MPEG (Moving Picture Experts Group) and VCEG (Video Coding Experts Group) developed an improved and excellent video compression technology over the MPEG-4 Part 2 and H.263 standards. The new standard is called H.264/AVC (Advanced Video Coding) and was released simultaneously as MPEG-4 Part 10 AVC and ITU-T Recommendation H.264.
The H.264/AVC (hereinafter, referred to as “H.264”) standard generates a residual signal by performing an intra prediction and/or an inter prediction in the unit of macroblocks having various types of subblocks, transforms and quantizes the generated residual signal, and encodes the residual signal. The inter prediction, which is one of the methods of compressing a video by removing the temporal redundancy between frames of the video, estimates motion of a block to be encoded (hereinafter, referred to as “a current block”) in the unit of blocks by using one or more reference frames, generates a predicted block of a current block based on a result of estimated motion, and compensates the motion.

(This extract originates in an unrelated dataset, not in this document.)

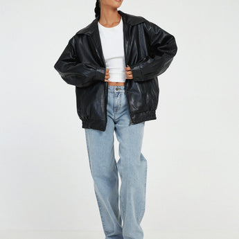 Discover the perfect blend of fashion and comfort with the Avencea Oversized Jacket. This jacket features a relaxed design crafted from premium leather, making it the perfect choice for women seeking a stylish and comfortable outfit.
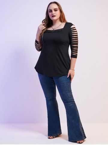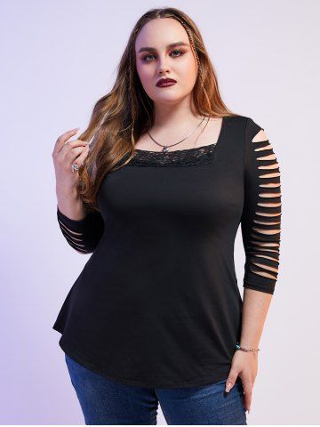 a*****.5Plus Size Ripped Sleeve Lace Panel TeeColor: BLACK Size: 4X | US 26-28Nice top, it can be used on different occasions. It fits well and it is comfortable. I would recommend it.

In a typical inter predictive encoding, when a motion of a current block is estimated for generating a predicted block, the typical inter predictive encoding searches for a block which is most similar to the current block within a determined search range of a reference frame by using a predetermined evaluation function. When the block similar to the current block is found, the typical inter predictive encoding generates the predicted block by using a corresponding block and encodes and transmits only a residual signal, which is a difference of pixel signals of the current block and the predicted block, thereby improving the compression ratio of data.

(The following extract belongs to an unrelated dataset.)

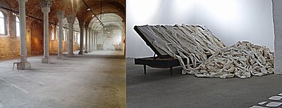 Innenseele ist ein Begriff, der aus dem technischen Bereich kommt.Er kommt in der Medizin, bei Kraftfahrzeugen und bei der Feuerwehr vor.Das Wort definiert einen inwendigen verborgenen Behälter in einem äußeren Behälter,der meist jedoch die Form eines Schlauches hat.Der innere verborgene Behälter hat die Aufgabe „die Seele“ zu schützen.Die Hipp Halle, ist ein zweischiffiger Raum, geteilt durch eine mittig verlaufendeSäulenreihe.In der Ausstellung von Gabriele Gruber-Gisler wird die „Innenseele“ in einem Schiffausgebreitet und die die Innenseele bedrohenden (Lebens)umstände im zweiten Schiffgegenübergestellt.Gezeigt werden Installationen und Objekte.

However, in the event where the motion is compensated according to the aforementioned typical inter predictive encoding, if a local illumination change or a viewpoint change occurs in each frame, it is difficult to perform efficient encoding. That is, when a pixel value is increased due to the occurrence of the illumination change or the viewpoint change at the position of a current block, compensating the motion with a predicted block generated by the existing method causes a size increase of the residual signal, resulting in deteriorated efficiency of encoding.